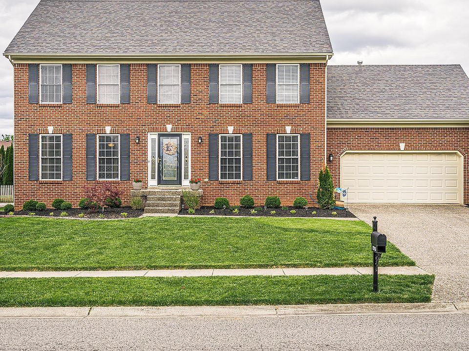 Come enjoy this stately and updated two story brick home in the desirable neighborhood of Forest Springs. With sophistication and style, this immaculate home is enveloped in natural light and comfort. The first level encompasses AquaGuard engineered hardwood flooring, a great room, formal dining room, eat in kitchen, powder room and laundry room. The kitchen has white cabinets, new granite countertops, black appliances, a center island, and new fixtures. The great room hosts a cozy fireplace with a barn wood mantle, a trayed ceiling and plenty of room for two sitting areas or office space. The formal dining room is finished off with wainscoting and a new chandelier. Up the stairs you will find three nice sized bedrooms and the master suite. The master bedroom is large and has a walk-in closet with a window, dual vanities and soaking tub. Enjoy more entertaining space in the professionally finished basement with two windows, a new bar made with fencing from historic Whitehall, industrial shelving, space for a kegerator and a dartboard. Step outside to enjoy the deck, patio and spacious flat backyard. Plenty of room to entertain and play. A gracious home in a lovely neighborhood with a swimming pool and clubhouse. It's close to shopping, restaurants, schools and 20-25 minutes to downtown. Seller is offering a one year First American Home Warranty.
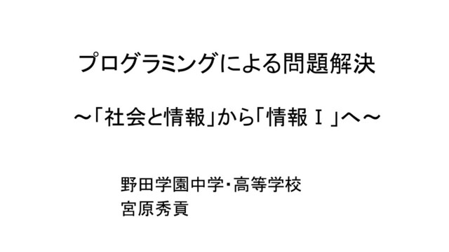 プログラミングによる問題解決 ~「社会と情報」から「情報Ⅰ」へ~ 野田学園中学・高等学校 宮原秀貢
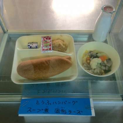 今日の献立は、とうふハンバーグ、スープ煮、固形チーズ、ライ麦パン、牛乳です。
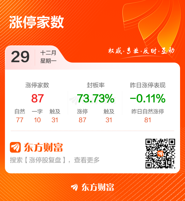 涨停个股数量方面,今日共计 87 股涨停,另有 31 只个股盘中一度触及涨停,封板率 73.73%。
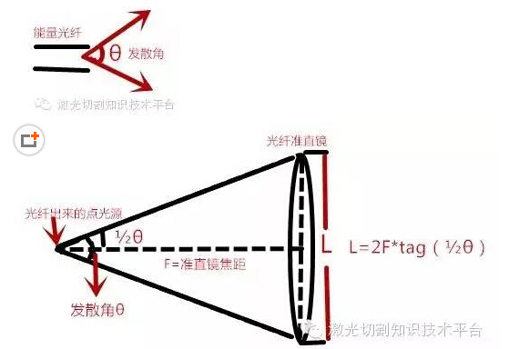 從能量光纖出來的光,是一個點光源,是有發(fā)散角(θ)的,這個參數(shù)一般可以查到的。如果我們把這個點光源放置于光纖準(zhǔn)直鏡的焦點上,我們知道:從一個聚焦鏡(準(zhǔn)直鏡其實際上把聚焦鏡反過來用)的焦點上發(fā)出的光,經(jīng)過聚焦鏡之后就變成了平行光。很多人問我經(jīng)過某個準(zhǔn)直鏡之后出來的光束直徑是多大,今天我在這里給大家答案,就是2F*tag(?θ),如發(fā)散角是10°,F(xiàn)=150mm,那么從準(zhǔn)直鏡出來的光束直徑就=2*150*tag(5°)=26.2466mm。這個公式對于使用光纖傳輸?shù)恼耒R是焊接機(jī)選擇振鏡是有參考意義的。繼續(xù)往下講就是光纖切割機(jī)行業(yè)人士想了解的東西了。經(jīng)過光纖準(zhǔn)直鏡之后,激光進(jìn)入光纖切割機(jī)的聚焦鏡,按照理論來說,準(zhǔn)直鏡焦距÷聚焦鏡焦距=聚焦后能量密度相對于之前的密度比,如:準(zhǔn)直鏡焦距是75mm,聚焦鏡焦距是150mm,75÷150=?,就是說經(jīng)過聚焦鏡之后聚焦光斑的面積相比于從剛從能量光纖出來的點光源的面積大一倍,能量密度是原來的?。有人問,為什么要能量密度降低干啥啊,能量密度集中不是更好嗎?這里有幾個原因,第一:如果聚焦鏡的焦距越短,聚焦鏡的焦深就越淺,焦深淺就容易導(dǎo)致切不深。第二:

---

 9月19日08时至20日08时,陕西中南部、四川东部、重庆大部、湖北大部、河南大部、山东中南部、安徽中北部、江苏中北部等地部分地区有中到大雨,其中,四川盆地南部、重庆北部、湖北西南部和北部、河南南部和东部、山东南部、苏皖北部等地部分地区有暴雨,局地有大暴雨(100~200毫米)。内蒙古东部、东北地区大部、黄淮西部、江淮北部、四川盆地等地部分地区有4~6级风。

...

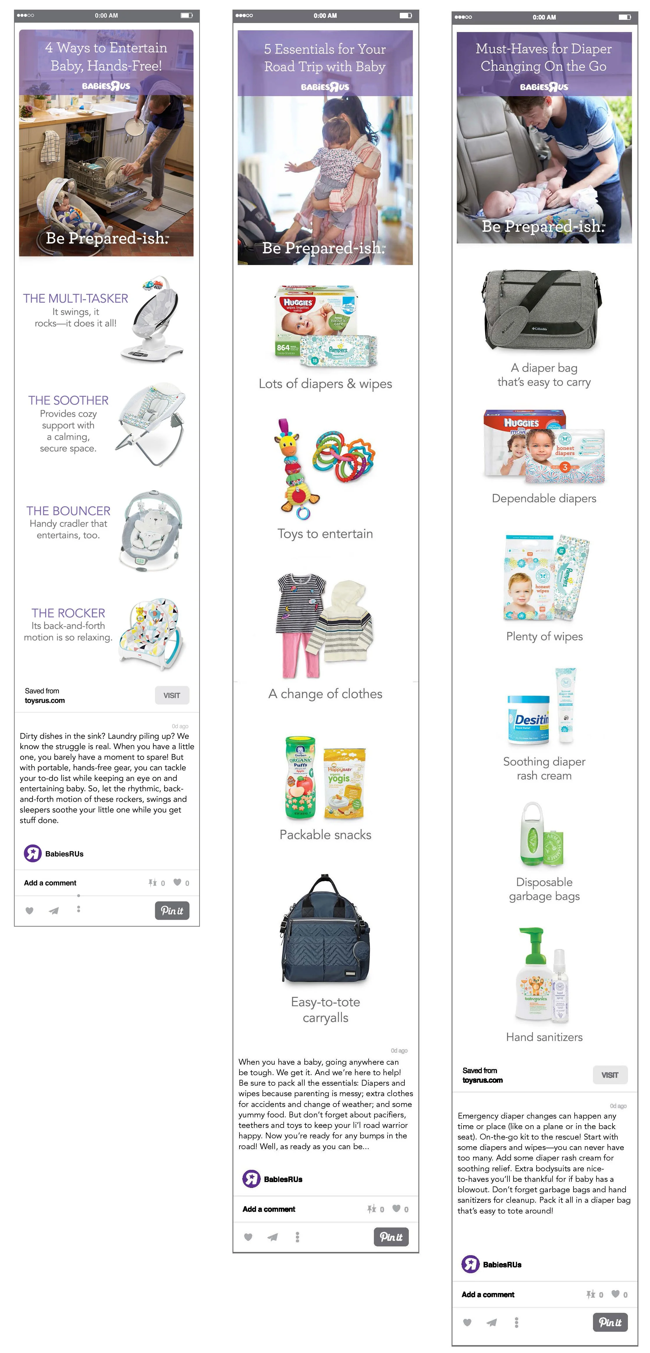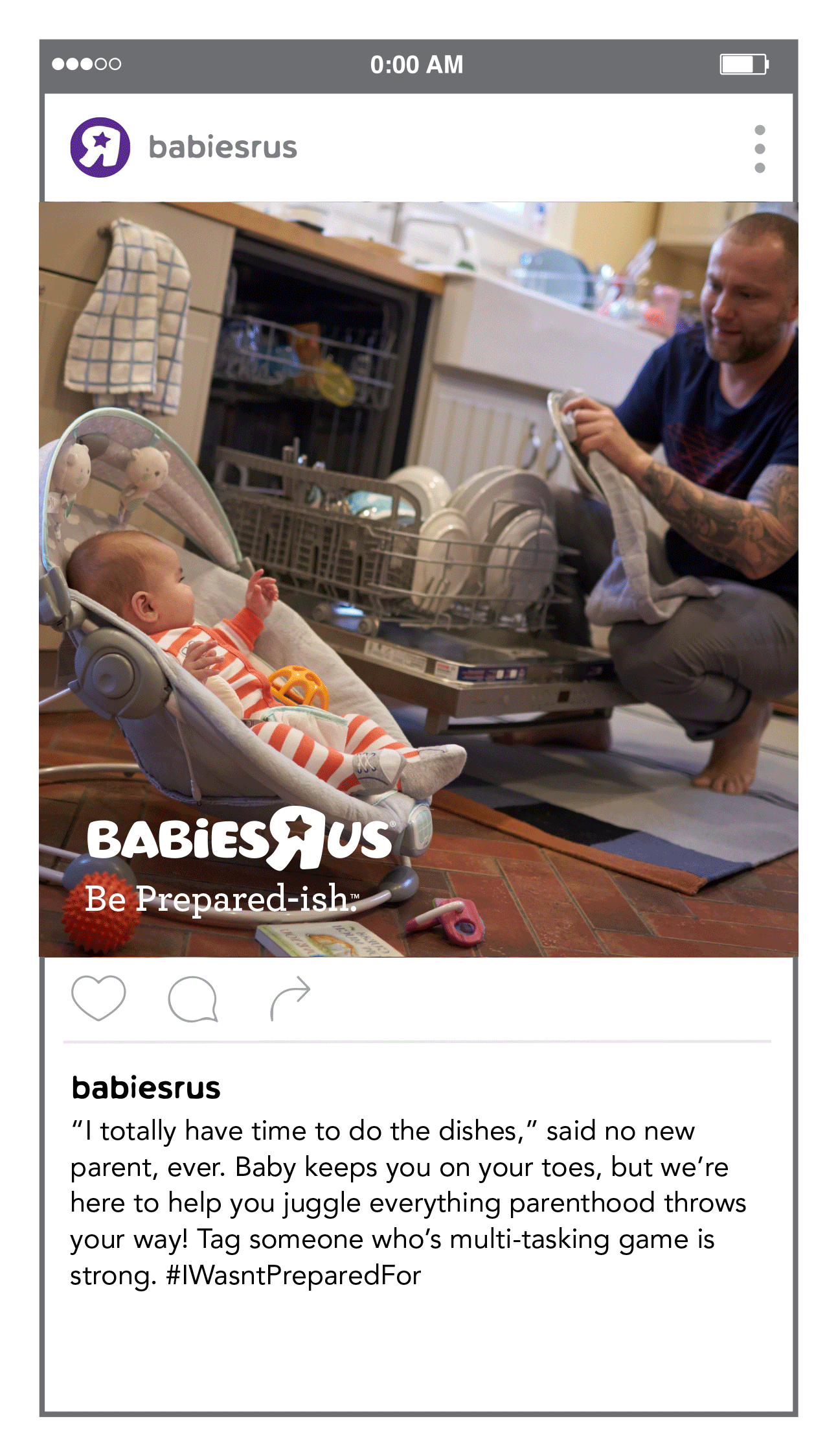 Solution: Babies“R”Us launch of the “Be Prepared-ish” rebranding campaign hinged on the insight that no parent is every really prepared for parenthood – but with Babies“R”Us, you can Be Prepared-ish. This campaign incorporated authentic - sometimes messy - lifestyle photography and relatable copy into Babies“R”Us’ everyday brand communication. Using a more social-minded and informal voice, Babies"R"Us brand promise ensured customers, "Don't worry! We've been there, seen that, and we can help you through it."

» Prompt:
In the listing above, find the line containing "今日の献立は、とうふハンバーグ、スープ煮、固形チーズ、ライ麦パン、牛乳です。" and the line containing "從能量光纖出來的光,是一個點". Print those two lines and every line between them exactly, with no pictures.

» Result for this task:
 今日の献立は、とうふハンバーグ、スープ煮、固形チーズ、ライ麦パン、牛乳です。
 涨停个股数量方面,今日共计 87 股涨停,另有 31 只个股盘中一度触及涨停,封板率 73.73%。
 從能量光纖出來的光,是一個點光源,是有發(fā)散角(θ)的,這個參數(shù)一般可以查到的。如果我們把這個點光源放置于光纖準(zhǔn)直鏡的焦點上,我們知道:從一個聚焦鏡(準(zhǔn)直鏡其實際上把聚焦鏡反過來用)的焦點上發(fā)出的光,經(jīng)過聚焦鏡之后就變成了平行光。很多人問我經(jīng)過某個準(zhǔn)直鏡之后出來的光束直徑是多大,今天我在這里給大家答案,就是2F*tag(?θ),如發(fā)散角是10°,F(xiàn)=150mm,那么從準(zhǔn)直鏡出來的光束直徑就=2*150*tag(5°)=26.2466mm。這個公式對于使用光纖傳輸?shù)恼耒R是焊接機(jī)選擇振鏡是有參考意義的。繼續(xù)往下講就是光纖切割機(jī)行業(yè)人士想了解的東西了。經(jīng)過光纖準(zhǔn)直鏡之后,激光進(jìn)入光纖切割機(jī)的聚焦鏡,按照理論來說,準(zhǔn)直鏡焦距÷聚焦鏡焦距=聚焦后能量密度相對于之前的密度比,如:準(zhǔn)直鏡焦距是75mm,聚焦鏡焦距是150mm,75÷150=?,就是說經(jīng)過聚焦鏡之后聚焦光斑的面積相比于從剛從能量光纖出來的點光源的面積大一倍,能量密度是原來的?。有人問,為什么要能量密度降低干啥啊,能量密度集中不是更好嗎?這里有幾個原因,第一:如果聚焦鏡的焦距越短,聚焦鏡的焦深就越淺,焦深淺就容易導(dǎo)致切不深。第二:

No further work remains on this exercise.